"

96 Closing words

It would be perfectly understandable if physiotherapists were worried that the healthcare system they have been such an important part of over the last century is now moving away from them. They should be worried because it is. The key, though, is what we do next. We can turn our gaze inwards, and try to preserve the profession at all costs, or we can try to anticipate what is coming and draw on the best knowledge available to us. I believe sociology holds a key to this process, but it is no panacea. Nursing has been engaging with sociology for decades now, with decidedly mixed results [1][2][3][4], and it has caused many uncomfortable conversations about the fundamental nature of nursing theory and practice. Sometimes the sharpest knife cuts well, but it might not be the best thing for putting meat in your mouth [5]. But this is a conversation for another time because the purpose of this book was never to use sociology to shape a better physiotherapy.

Had it been thirty years ago, this might have been a valid pursuit. We could have used our new sociological knowledge to turn away from our focus on the body-as-machine and our quest for more professional autonomy, and embraced a broader view of the physical therapies as a social construct. But that time has passed now [6]. Healthcare has become too expensive, too patriarchal, and too bureaucratic. The world has become too big, and people’s tastes have become too postmodern. People today want so much more from their bodies and their health than the ‘old’ professions allow. The public no longer unquestioningly accepts the claims of the health professionals that their work is fundamentally good, expert, altruistic, and public-spirited. And they no longer have an appetite for the professions governing themselves. The professions are empires in decline, and the physical therapies have been under occupation for too long.

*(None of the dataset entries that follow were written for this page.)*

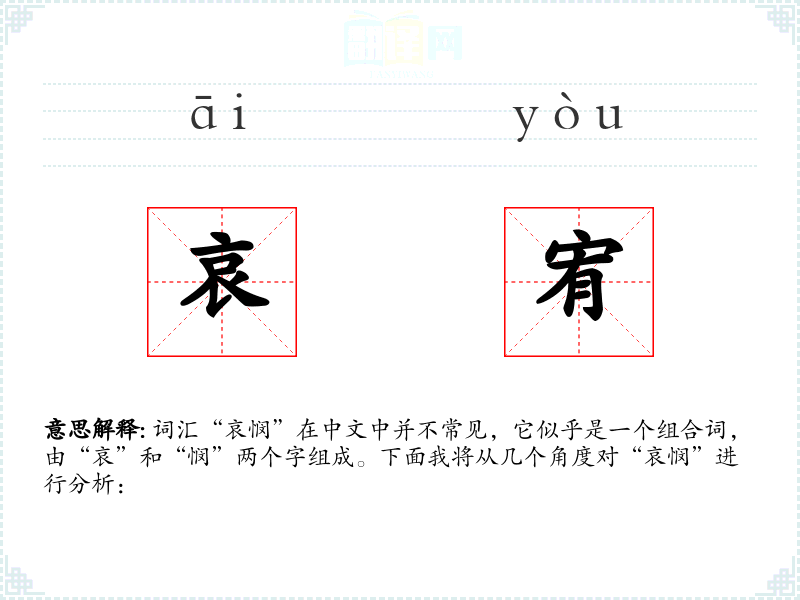 词汇“哀悯”在中文中并不常见,它似乎是一个组合词,由“哀”和“悯”两个字组成。下面我将从几个角度对“哀悯”进行分析:
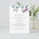 Dieses schlichte, moderne Gartengrün Details der Hochzeitskasse verfügt über eine Aquarelltreppe in lila und rosa Farbtönen. Es befindet sich in einer einfachen Anordnung von natürlichen Aquarellgärten auf weißem Hintergrund. Der Rücken ist ein solides tiefes lila, das mit der Libelle übereinstimmt.
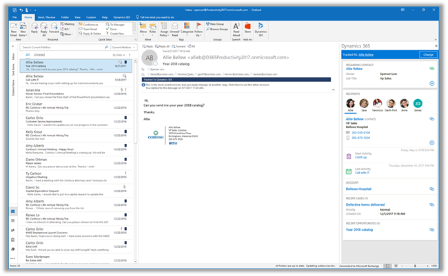 At the beginning of this year, we set out to bridge the gap between Dynamics 365 App for Outlook, the future of Dynamics 365 and Outlook integration, and the legacy Outlook add-in Dynamics 365 for Outlook. We are excited to announce the latest improvements to server-side synchronization and Dynamics 365 App for Outlook as a step in that direction.
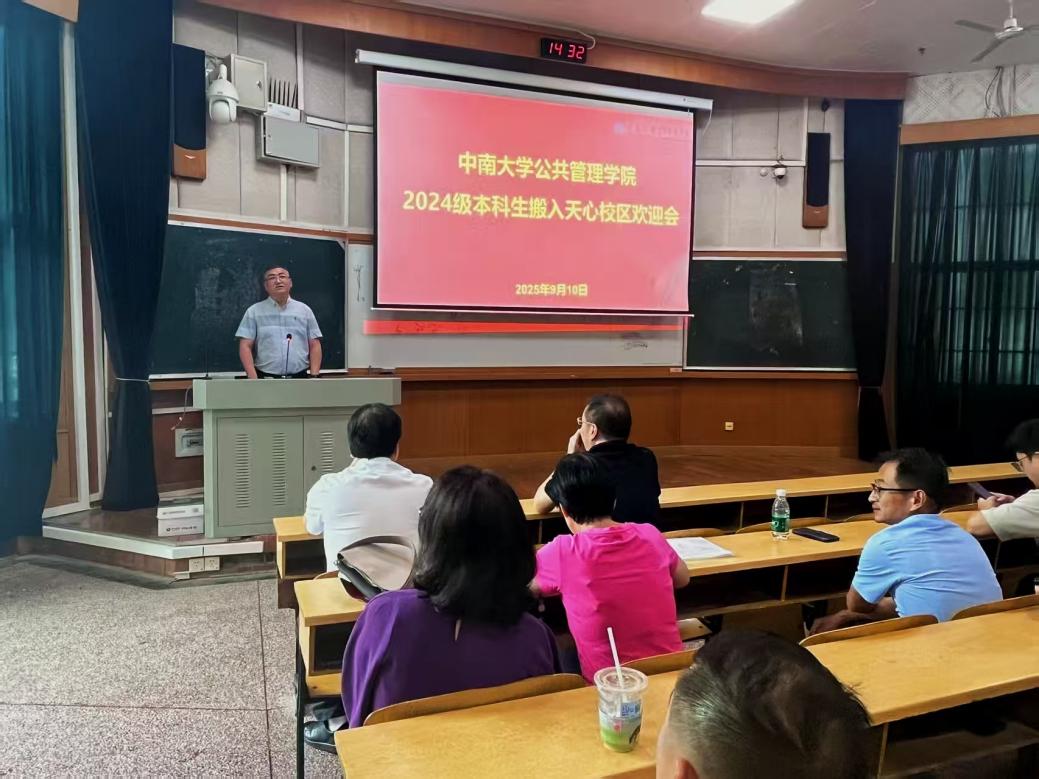 2025年9月10日下午2时,yl23455永利官网在天心校区世纪楼D座101举行了2024级本科生搬入天心校区欢迎会。院党委书记杨旭东、院长许源源、副书记耿贵斌、社会学系主任彭远春、社会学系副主任米莉、公共管理系副主任杨宇泽、各系教师代表、2024级本科生班导师、辅导员和全体2024级本科生参加。欢迎会由学院党委副书记耿贵斌主持。

All of the theories and criticisms presented in this book lead me to one inescapable conclusion: that the future of high quality, person-centred, trustworthy healthcare, no longer resides with professions like physiotherapy. But as Deleuze says; ‘There is no need to fear or hope, but only to look for new weapons’ [7]. And new weapons are certainly needed, not least because many of the problems people are now experiencing with healthcare stem not from the breakdown of the ‘old’ system, but from what is replacing it. We face a crisis of care, not of cost, in healthcare [8]; a problem made worse by the hubris of the professions and their desire to focus on their professionalisation projects, and not the underlying problems being caused by the state and the atomisation of late capitalism [9].

But if we really want to find some new weapons, we could do much worse than remind ourselves of a very ancient concept. In Greek, the word therapeia means ‘to serve, show attention, honour, show respect or reverence’ [10]. It means to accompany much more than it means to heal. It is an act of conviviality and reciprocity. Therapeia, as Steen Lykke argues, ‘is an attitude to the Other without authority; it does not rely on any scientific expertise about humanity’ (ibid).

‘This is the horizon that the discourse and the politics of the commons opens for us today’, Silvia Federici argues [11]. This is ‘not the promise of an impossible return to the past, but the possibility of recovering the power of collectively deciding our fate on this earth. This is what I call re-enchanting the world’ (ibid).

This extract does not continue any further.